RBI hints at no change in rates

The Reserve Bank of India is unlikely to change the policy rates — the repo and reverse repo rates — in its mid-term review of the monetary policy amid persistent inflationary expectations following copious foreign capital inflows.

Headline inflation has dropped significantly below Reserve Bank of India’s target of 5 per cent for 2007-08 but this is a result of the government deciding not to pass on the increase in oil prices to consumers.

“The Indian basket price of crude oil, which averaged $57 a barrel in February 2007, increased to $75 a barrel in September 2007. Thus, headline inflation has remained suppressed due to a halt in pass-through of higher international prices to domestic prices since February 2007,” RBI noted in its report on Macroeconomic and Monetary Developments released on the eve of the mid-term review of the 2007-08 policy.

The report said the government would also start feeling the pinch of having to issue bonds to oil companies as compensation for losses that accrue from holding the price line. The government has approved Rs 23,458 crore of bonds in 2007-08.

Also, money supply is at a high of 21.8 per cent against the central bank’s target of 17 to 17.5 per cent and copious foreign capital inflows have caused a liquidity glut, which is seen as having significant potential to stoke inflation.

Against this background, key policy rates are likely to be kept unchanged at 7.75 per cent (the repo rate, at which RBI provides liquidity to banks) and 6 per cent (the reverse repo rate, at which liquidity is absorbed from banks), according to analysts.

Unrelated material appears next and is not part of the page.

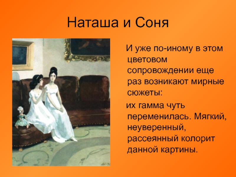 гамма чуть переменилась. Мягкий, неуверенный, рассеянный колорит данной картины.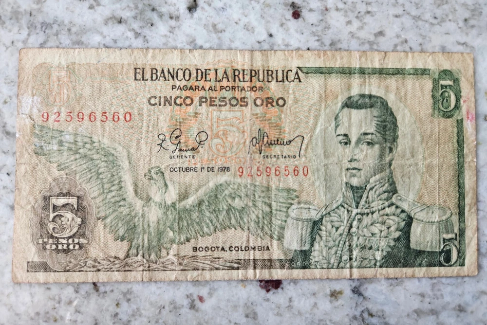 This is a circulated Colombia 5 Pesos banknote which is dated back to 1978... I'm selling off my collection of currencies from around the world. What you see pictured, is the banknote that you'll be getting.. Thanks for checking out the auction.. Yes, I do combine shipping !!

Though overall credit growth has slowed to 23 per cent year-on-year in October 2007 from 28 per cent in 2006-07, demand for credit from the industrial sector has remained high. The slowdown has been largely because of a slump in demand from interest-rate sensitive sectors, including housing.

Analysts said this should offer RBI some comfort as its objective is to ensure that the genuine credit needs of industry are met and also because banks are likely to marginally lower interest rates on deposits.